Postmortem template
A postmortem is a structured review of what happened and why — filled in by your agent in under a minute, then shared as a link where the team comments on the exact line. Action items don't get lost.
Most postmortems fail at the same point: the action items get assigned to "the team" with no due date, the doc goes into a shared drive nobody opens, and the next project starts with the same unresolved patterns. The template isn't the problem. The missing piece is a single shareable version where comments land on the exact line they're about — and every action item is one click away from the next planning doc.
Generate it with your agent
Paste this into Claude, Cursor, or any agent — it drafts the postmortem and publishes it as a Drafty link your team can annotate directly:
See it on a real one
What goes in a postmortem
Six sections. The order matters — summary first so anyone can read the first paragraph and decide whether they need the rest.
- Summary — the project, the outcome, and a plain verdict. "Shipped two weeks late; core feature worked but onboarding was unfinished at launch." One paragraph.
- What went well — specific wins to repeat. "We used a shared Figma file for the first time and design-dev handoff was half as slow" is useful. "Good teamwork" is not.
- What failed — the honest account, named at the system level. "We had no owner for the API integration decision for three weeks" rather than naming the person who didn't decide. Blame cultures produce postmortems people don't tell the truth in.
- Root cause — for the biggest failure, trace it one level deeper than the surface symptom. If the launch was late because of a last-minute security review, the root cause is that security wasn't in the launch checklist — not that the review took long.
- Action items — the section most postmortems get wrong (more below).
- Lessons — what the team would do differently from day one. Three or four. A list of twelve is a list nobody reads.
The section most postmortems get wrong
Action items. They are consistently the most poorly executed section in postmortem templates — not because teams don't know what to fix, but because the items aren't written to survive the week after the meeting.
Two rules that make the difference:
- One name per item, not "the team." When an action item belongs to everyone, it belongs to no one. If the right owner isn't obvious, the item needs to be broken into smaller pieces until it is.
- A done-condition, not a direction. "Improve the handoff process" will never be done. "Add a handoff checklist to the sprint planning template by {date}" will. Write the done-condition before you leave the meeting.
Cap at five items. A postmortem that produces ten action items will complete zero of them — the list becomes noise by the next standup. Pick the five that would have prevented the most pain.
Postmortem vs retrospective — which one to run
They're often used interchangeably, but they're different in scope and timing.

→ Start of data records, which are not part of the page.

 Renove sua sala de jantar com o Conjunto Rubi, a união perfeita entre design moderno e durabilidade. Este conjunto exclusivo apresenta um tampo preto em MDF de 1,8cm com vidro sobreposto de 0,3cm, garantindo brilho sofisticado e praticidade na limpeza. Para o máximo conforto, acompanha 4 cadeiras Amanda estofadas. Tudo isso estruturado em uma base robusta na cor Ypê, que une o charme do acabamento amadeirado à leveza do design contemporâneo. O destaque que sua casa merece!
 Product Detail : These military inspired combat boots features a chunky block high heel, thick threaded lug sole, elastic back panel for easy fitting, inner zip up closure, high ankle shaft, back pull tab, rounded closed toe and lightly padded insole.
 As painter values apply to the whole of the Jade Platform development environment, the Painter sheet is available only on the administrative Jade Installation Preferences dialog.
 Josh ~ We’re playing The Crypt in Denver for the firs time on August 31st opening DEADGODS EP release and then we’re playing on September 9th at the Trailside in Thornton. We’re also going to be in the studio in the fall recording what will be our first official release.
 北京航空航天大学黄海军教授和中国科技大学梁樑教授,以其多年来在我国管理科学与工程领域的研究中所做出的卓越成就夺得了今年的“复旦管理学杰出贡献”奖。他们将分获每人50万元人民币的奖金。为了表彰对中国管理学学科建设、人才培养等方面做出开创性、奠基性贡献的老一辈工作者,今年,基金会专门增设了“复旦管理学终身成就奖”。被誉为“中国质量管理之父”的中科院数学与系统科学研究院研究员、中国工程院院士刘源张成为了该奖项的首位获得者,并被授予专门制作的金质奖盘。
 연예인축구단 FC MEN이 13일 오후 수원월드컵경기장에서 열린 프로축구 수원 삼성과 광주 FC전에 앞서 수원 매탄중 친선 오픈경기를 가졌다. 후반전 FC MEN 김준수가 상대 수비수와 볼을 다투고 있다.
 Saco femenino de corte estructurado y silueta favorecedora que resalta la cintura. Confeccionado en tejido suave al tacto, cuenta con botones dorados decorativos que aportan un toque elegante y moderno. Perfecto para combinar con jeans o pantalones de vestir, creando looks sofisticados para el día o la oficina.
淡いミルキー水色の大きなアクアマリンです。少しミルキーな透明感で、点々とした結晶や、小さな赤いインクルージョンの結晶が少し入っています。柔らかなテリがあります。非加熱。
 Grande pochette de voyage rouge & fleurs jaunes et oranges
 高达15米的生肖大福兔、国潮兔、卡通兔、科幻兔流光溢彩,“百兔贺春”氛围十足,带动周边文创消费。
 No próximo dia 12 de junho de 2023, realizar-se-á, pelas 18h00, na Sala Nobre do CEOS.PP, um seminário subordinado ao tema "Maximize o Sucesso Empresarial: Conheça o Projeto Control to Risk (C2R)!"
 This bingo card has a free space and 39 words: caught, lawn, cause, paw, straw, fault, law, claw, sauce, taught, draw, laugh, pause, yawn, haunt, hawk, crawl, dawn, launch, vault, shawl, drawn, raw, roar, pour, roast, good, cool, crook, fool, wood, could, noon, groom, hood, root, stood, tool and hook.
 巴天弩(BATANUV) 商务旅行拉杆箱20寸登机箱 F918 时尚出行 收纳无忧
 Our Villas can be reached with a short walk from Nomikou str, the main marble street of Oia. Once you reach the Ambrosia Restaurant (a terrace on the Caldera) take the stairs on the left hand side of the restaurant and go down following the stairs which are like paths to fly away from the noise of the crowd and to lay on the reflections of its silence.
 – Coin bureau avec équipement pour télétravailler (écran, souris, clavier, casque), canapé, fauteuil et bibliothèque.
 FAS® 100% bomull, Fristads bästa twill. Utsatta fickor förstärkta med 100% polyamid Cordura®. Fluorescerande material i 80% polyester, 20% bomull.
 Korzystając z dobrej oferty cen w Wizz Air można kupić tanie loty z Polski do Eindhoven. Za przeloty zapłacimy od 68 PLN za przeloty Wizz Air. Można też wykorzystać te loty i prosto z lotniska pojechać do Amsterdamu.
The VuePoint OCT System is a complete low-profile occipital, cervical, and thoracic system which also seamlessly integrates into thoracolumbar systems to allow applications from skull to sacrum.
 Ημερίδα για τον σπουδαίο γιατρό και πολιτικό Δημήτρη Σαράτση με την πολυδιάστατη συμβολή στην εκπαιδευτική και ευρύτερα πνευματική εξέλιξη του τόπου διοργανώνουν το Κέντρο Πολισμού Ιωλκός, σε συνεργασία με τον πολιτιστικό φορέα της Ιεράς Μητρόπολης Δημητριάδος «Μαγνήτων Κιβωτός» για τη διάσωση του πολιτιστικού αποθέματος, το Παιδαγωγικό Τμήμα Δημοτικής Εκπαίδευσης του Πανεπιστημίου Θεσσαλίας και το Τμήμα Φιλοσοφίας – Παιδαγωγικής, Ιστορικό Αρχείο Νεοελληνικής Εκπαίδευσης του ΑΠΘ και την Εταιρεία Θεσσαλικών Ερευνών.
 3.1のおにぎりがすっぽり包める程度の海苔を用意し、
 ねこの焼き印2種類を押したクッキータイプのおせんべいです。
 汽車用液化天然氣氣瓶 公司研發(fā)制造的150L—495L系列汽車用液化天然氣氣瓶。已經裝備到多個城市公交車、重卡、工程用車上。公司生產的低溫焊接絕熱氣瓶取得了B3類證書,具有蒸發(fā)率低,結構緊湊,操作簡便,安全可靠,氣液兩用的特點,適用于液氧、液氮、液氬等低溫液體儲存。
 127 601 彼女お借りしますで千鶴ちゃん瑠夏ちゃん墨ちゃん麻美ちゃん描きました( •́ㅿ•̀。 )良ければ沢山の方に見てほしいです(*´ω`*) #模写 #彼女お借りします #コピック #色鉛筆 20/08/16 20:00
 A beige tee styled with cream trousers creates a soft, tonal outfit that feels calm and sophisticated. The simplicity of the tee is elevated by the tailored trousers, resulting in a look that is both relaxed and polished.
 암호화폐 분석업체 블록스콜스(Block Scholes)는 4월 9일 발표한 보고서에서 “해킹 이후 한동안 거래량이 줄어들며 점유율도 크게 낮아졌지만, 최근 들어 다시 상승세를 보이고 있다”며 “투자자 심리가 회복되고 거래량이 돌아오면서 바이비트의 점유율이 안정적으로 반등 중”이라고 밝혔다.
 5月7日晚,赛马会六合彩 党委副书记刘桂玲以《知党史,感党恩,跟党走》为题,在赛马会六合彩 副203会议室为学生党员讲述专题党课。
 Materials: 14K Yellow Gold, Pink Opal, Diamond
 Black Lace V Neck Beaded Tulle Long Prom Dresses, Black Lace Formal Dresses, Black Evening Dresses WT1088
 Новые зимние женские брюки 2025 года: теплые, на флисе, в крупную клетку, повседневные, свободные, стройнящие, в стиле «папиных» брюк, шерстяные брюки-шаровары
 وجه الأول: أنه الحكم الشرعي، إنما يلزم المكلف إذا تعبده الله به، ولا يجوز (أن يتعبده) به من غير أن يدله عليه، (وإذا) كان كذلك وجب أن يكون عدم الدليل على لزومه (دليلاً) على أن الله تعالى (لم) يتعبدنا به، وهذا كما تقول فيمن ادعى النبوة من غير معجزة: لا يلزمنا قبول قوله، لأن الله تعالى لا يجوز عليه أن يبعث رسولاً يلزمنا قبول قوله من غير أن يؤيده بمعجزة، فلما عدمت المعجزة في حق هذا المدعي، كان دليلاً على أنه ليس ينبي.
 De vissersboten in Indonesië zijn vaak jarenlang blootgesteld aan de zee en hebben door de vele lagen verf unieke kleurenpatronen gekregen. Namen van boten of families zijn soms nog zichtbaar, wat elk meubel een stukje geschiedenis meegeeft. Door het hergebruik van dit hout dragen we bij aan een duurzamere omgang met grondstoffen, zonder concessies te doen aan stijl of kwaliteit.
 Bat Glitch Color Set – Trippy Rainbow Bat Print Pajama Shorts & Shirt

A retrospective (or retro) is a recurring team ritual — typically at the end of each sprint — covering the process and dynamics of the last two weeks. Short, frequent, forward-looking.
A postmortem is written after a significant event: a product launch, a major incident, a cancelled project, a feature that shipped with serious bugs. It's longer, less frequent, and goes deeper into root cause. It often includes impact numbers — revenue affected, users impacted, SLA breach duration — that a sprint retro wouldn't track.
If your sprint just had a rough week, run a retro. If a launch went sideways or production went down for four hours, run a postmortem.
Who should write it and when
The person closest to the event owns the first draft — the project lead or incident commander. Not a committee. A committee-written postmortem is one with no clear conclusions.
First draft within 48 hours. Memory accuracy drops sharply after 72 hours, and the team starts constructing narratives that make the outcome seem more inevitable (or more random) than it was. Fast drafts are messier but more honest.
Share the draft as a link rather than a file in a shared drive. The goal is reactions anchored to specific lines — "the root cause here is wrong, it was actually X" should land on that sentence, not arrive as a reply-all email.
FAQ
What's the difference between a postmortem and a root cause analysis (RCA)? An RCA is a subset of the postmortem — the specific investigation into why a failure occurred, usually using a structured technique like the 5 Whys or fishbone diagram. A postmortem is the full document that includes the RCA plus the impact, what went well, and the action items. Some teams use the terms interchangeably for technical incidents; either way, the goal is the same.
How long should a postmortem be? One to three pages for most projects. An executive summary at the top handles anyone who needs the headline without the detail. More than five pages usually means you're capturing everything rather than the important things.
Should postmortems be blameless? Yes — and this is misunderstood. Blameless doesn't mean accountability-free. It means the postmortem focuses on systems and processes, not on individual fault. People make better decisions in the context of bad systems, unclear ownership, and missing information. Naming the system failure ("there was no deployment checklist") is more useful than naming the person who skipped the step.
How many action items should a postmortem produce? Three to five, maximum. Each one needs a single owner and a specific done-condition. If you leave the postmortem meeting with ten action items, schedule a 20-minute follow-up to cut the list in half — the items you wouldn't fight to keep are the ones that won't get done anyway.
When is it too late to run a postmortem? Never — but it gets less useful fast. After two weeks, people's accounts are reconstructed rather than recalled. Run it within a week if you can. If you missed the window, a 45-minute conversation with a drafted doc is more useful than skipping it.